King Yíng of Wèi made a treaty with the marquis Tián Móu of Qí, which the latter violated. The king was enraged, and intended to send a man to assassinate him.
When the Minister of War heard of it, he was ashamed, and said to the king, ‘You are a ruler of 10,000 chariots, and by means of a common man would avenge yourself on your enemy. I beg you to give me, Yán, the command of 200,000 soldiers to attack him for you. I will take captive his people and officers, halter and lead off his oxen and horses, kindling a fire within him that shall burn to his backbone. I will then storm his capital; and when he shall run away in terror, I will flog his back and break his spine.’
Jì Zǐ heard of this advice, and was ashamed of it, and said to the king, ‘We have been raising the wall of our capital to a height of eighty cubits, and the work has been completed. If we now get it thrown down, it will be a painful toil to the convict builders. It is now seven years since our troops were called out, and this is the foundation of the royal sway. Yán would introduce disorder;–he should not be listened to.’
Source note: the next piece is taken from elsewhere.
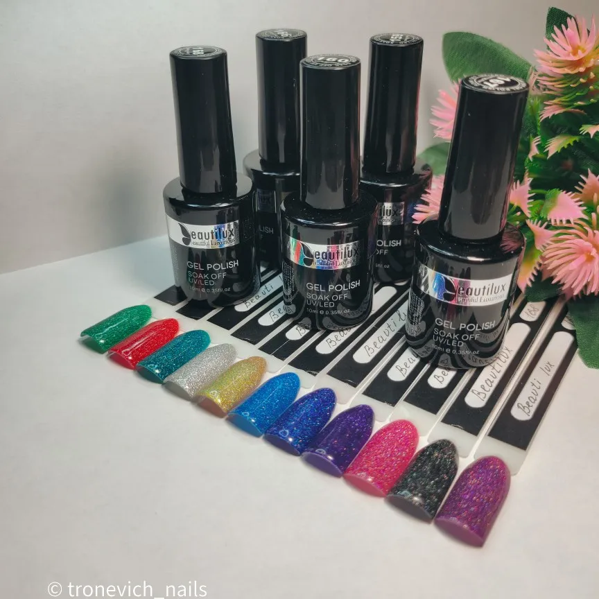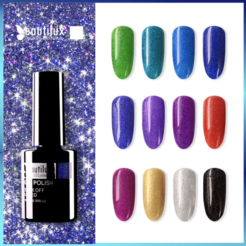 Beautilux, 1шт, радужный, голографический, игристый цвет, гель-лак для ногтей, лак для ногтей неил-арт, декоративный лак для ногтей, эмаль для ногтей 10 мл

Huá Zǐ heard of this advice, and, greatly disapproving of it, said to the king, ‘He who shows his skill in saying “Attack Qí” would produce disorder; and he who shows his skill in saying “Do not attack it” would also produce disorder. And one who should merely say, “The counsellors to attack Qí and not to attack it would both produce disorder,” would himself also lead to the same result.’ The king said, ‘Yes, but what am I to do?’
Huì Zǐ, having heard of this counsel, introduced to the king Tài Jìn Rén, who said, ‘There is the creature called a snail; does your majesty know it?’
‘On the left horn of the snail there is a kingdom which is called Provocation, and on the right horn another which is called Stupidity. These two kingdoms are continually striving about their territories and fighting. The corpses that lie on the ground amount to several myriads. The army of one may be defeated and put to flight, but in fifteen days it will return.’
The king said, ‘Pooh! that is empty talk!’
The other rejoined, ‘Your servant begs to show your majesty its real significance. When your majesty thinks of space–east, west, north, and south, above and beneath–can you set any limit to it?’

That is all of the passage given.